Thirty-one years after my father’s death I still have people come up to me and tell me how kind and good a man he was,” says Harvey Honoré Jr. “I’ve never had one of them say anything that wasn’t positive. I never really saw him get upset about anything. He handled everything that came his way with patience and compassion.”
Until his death at 52, general contractor Harvey Honoré Sr. was one of Baton Rouge’s most active and beloved civic leaders, a self-made businessman, husband and father of seven with a reputation for fairness and generosity.
“He taught us about honesty and integrity, and his work ethic was outstanding,” says the younger Honoré, who had been working at the family business for about 10 years when his father died. “Even though he only had 52 years on earth, he accomplished more than most people who live to be a lot older.”
Honoré rose to be a respected commercial contractor with a high-profile portfolio, but his beginnings were humble. His first job in the industry was as a brick mason apprentice working for two uncles who were general contractors. In 1953 he felt the itch to go out on his own and began working as a masonry contractor. Then in 1958, he began a residential contracting business, starting first with spec houses and later moving to large, specialty projects. With a solid reputation as a residential builder, Honoré decided to go exclusively into commercial construction in 1971.
“He was ahead of his time,” recalls the eldest son. “He wanted to do the best job possible, and he looked forward to the challenge of commercial work.”
His first year in the commercial business, Honoré was awarded the contract to build the industrial arts building at Baton Rouge High School. It was quickly followed by the student union at Catholic High School and renovation projects for Goudchaux’s Department Store on Main Street. Honoré Construction completed the interior framing for Cortana Mall and renovated the American Bank building, the AC Lewis YMCA and other large-scale projects in Baton Rouge.
“It was a time when Baton Rouge was just starting to become the city that it is today,” says Honoré Jr. “There was a lot of growth and change.”
Honoré had the ability to find and keep reliable workers and to complete jobs on time. His son recalls that Honoré believed customers always remembered how you finished a job.
“He said it was important to start strong, but that it was even more important to finish strong, and that that really affected your credibility,” says Honoré Jr.

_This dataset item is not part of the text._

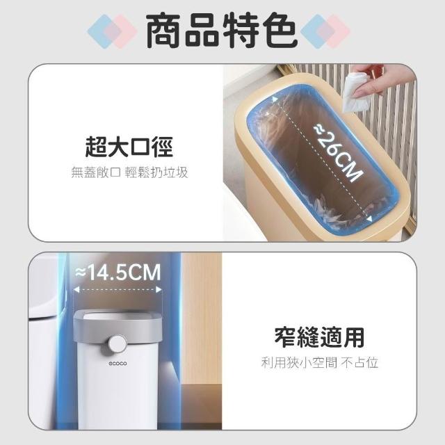 ecoco寬口垃圾桶-窄縫款|垃圾桶 廁所垃圾桶 浴室垃圾桶 垃圾袋 縫隙垃圾桶 夾縫垃圾桶 回收桶 窄縫垃圾桶 垃圾筒 窄型

Son-in-law Rhaoul Guillaume, who founded the engineering firm Gotech in 1981, recalls Honoré’s powerful influence and gentle demeanor.
“He was a wise man. He had so much common sense,” Guillaume says. “I’ve tried to model my business after the way he ran his, especially how he treated people.”
As prolific as his professional work was, Honoré also was known for tireless civic engagement. He served on numerous community boards, including the Chamber of Commerce, the American Red Cross, Junior Achievement, the East Baton Rouge Parish Mortgage Authority, the Boys Club, Camp Fire USA, the Speech and Hearing Foundation and the Safety Council.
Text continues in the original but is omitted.